Special Resources: Visual Genome and MS COCO datasets; MMfeat toolkit 

Requirements: NLP, Machine Learning, interest in Computer Vision


Much research in cognitive science and neuroscience suggests that human meaning representations are not merely a product of our linguistic exposure, but are also grounded in our perceptual system and sensori-motor experience (see e.g. Barsalou (2008)). This suggests that we acquire word meanings and relational knowledge not merely from linguistic input, such as text or speech, but also from other modalities, such as vision, taste, smell, touch and motor activity. Multimodal models of word meaning have thus enjoyed a growing interest in semantics, mostly focusing on combining linguistic and visual information so far. Such models outperform purely text-based models in a variety of tasks, such as semantic similarity estimation, predicting compositionality, bilingual lexicon induction and figurative language processing among others. However, the multimodal models used to date extracted visual features from complete images and none of the approaches investigated the the role of different kinds of visual information in natural language semantics. For instance, some concepts may be better characterised by the internal visual features of objects in the image and others by wider visual context and scene information. This project will investigate whether explicitly differentiating between internal visual properties and visual context improves the performance of multimodal semantic models. The student will first experiment with learning a multimodal semantic model from image regions manually annotated for specific objects, actions or scenes, using Convolutional Neural Networks (CNN) and the MMfeat toolkit for multimodal representation learning (Kiela, 2016); and then integrate the multimodal model with automatic object recognition techniques. The project will evaluate the new models in the context of semantic similarity and metaphor identification tasks.

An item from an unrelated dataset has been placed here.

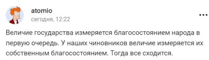 В сети раскритиковали заявление чиновника. Пользователи отметили, что величие государства измеряется благосостоянием народа.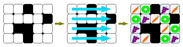 - First, each field is either cultivated or waste. Crop plants will be planted in the cultivated cells in the order of $ (1,1)→...→(1,m)→(2,1)→...→(2,m)→...→(n,1)→...→(n,m) $ . Waste cells will be ignored.

References and further reading:

Lawrence W. Barsalou. 2008. Grounded cognition. Annual Review of Psychology, 59(1):617–645. 

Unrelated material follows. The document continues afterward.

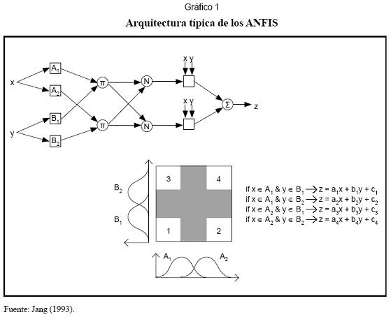 Más aún, se han desarrollado esfuerzos importantes por establecer marcos metodológicos para especificar modelos de redes neuronales basados en criterios estadísticos -véase, por ejemplo, a Anders y Korn (1999) y Fukumizu (2003)-. De esta forma, existe muy poca experiencia en el modelado y la predicción de series temporales usando sistemas de inferencia difusa, particular-mente para los ANFIS (Jang, 1993); sólo recientemente se ha planteado la relación de los ANFIS con otras técnicas econométricas (Velásquez et al., 2004), que abren la posibilidad de establecer un proceso sistemático de especificación fundamentado en pruebas estadísticas, para desarrollar así un marco de trabajo formal y riguroso.

Elia Bruni, Nam Khanh Tran, and Marco Baroni. 2014. Multimodal distributional semantics. Journal of Artificial Intelligence Research, 49:1–47. 

Douwe Kiela and Leon Bottou. 2014. Learning Image Embeddings using Convolutional Neural Networks for Improved Multi-Modal Semantics. Proceedings of EMNLP 2014, Doha, Qatar.

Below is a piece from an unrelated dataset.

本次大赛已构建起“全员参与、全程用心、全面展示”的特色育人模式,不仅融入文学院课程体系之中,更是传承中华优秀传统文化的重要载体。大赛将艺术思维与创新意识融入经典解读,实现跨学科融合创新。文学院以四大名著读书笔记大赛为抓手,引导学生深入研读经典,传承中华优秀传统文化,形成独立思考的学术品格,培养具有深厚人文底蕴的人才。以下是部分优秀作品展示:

Douwe Kiela. 2016 MMFEAT: A Toolkit for Extracting Multi-Modal Features. Proceedings of ACL 2016: System Demonstrations, Berlin, Germany.

Douwe Kiela, Anita Vero and Stephen Clark. Comparing Data Sources and Architectures for Deep Visual Representation Learning in Semantics. In Proceedings of EMNLP 2016, Austin, TX.

Ekaterina Shutova, Douwe Kiela and Jean Maillard. 2016. Black Holes and White Rabbits: Metaphor Identification with Visual Features. In Proceedings of NAACL-HLT 2016, San Diego, CA.